Abstract: FR-PO0947
Silent but Severe: Atypical Presentation of Class IV Lupus Nephritis with No Overt Proteinuria
Session Information
- Glomerular Case Reports: Lupus, FSGS, Complement, and More
November 07, 2025 | Location: Exhibit Hall, Convention Center
Abstract Time: 10:00 AM - 12:00 PM
Category: Glomerular Diseases
- 1402 Glomerular Diseases: Clinical, Outcomes, and Therapeutics
Authors
- Shackleford, Christopher G., Temple University Health System Inc, Philadelphia, Pennsylvania, United States
- Ojeniyi, Solabomi Oyeronke, Temple University Health System Inc, Philadelphia, Pennsylvania, United States
- Koul, Sheetal, Temple University Health System Inc, Philadelphia, Pennsylvania, United States
- Lee, Iris J., Temple University Health System Inc, Philadelphia, Pennsylvania, United States
Introduction
Current guidelines recommend kidney biopsy in systemic lupus erythematosus (SLE) patients with proteinuria >500 mg/24 hours or unexplained renal dysfunction. It is commonly assumed that in the absence of significant proteinuria, kidney disease is unlikely to be severe. We present a case of a 35-year-old woman with SLE and minimal proteinuria who was found to have class IV lupus nephritis (LN).
Case Description
A 35-year-old female with known SLE presented with albumin-to-creatinine ratio of 68 mg/g, microscopic hematuria, low complement levels, and mildly elevated anti-dsDNA antibodies. She had no previous renal disease, and her serum creatinine was 0.5 mg/dL. Given clinical concern for renal involvement, a biopsy was performed, which revealed diffuse mesangial hypercellularity and segmental duplication of glomerular basement membranes consistent with diffuse proliferative LN. Immunofluorescence showed global granular staining for IgG, IgA, IgM, C1q, C3, kappa, and lambda (all 4+), confirming class IV LN. The patient remained on hydroxychloroquine 200 mg daily and prednisone 10 mg daily, and mycophenolate mofetil was initiated for LN.
Discussion
Class IV LN generally presents with marked proteinuria and/or impaired renal function.

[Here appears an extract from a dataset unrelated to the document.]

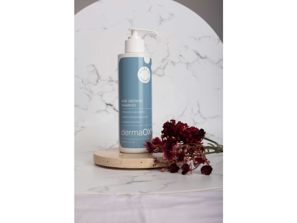 Šampon na rast vlasov DermaOXY HAIR GROWT SHAMPOO je obsahuje výživnou zmesou rastlinných extraktov, vitamínov a peptidov, ktoré posilňujú vlasy od korienkov po končeky.

Current American College of Rheumatology (ACR) guidelines recommend biopsy in cases of significant proteinuria or unexplained renal impairment. However, some patients demonstrate advanced histologic disease despite minor urinary abnormalities. This clinical phenotype is not adequately addressed in the existing guidelines. While hypocomplementemia and elevated anti-dsDNA titers suggest disease activity, their predictive value for LN is not well understood. This case underscores the limitations of current diagnostic criteria for LN, particularly in atypical presentations. Despite minimal proteinuria and normal renal function, the patient had advanced diffuse proliferative LN, emphasizing the need for more nuanced clinical judgment. Furthermore, the absence of overt proteinuria complicates both disease monitoring and clinical trial eligibility, indicating a need for updated guidelines to better capture these silent but severe presentations.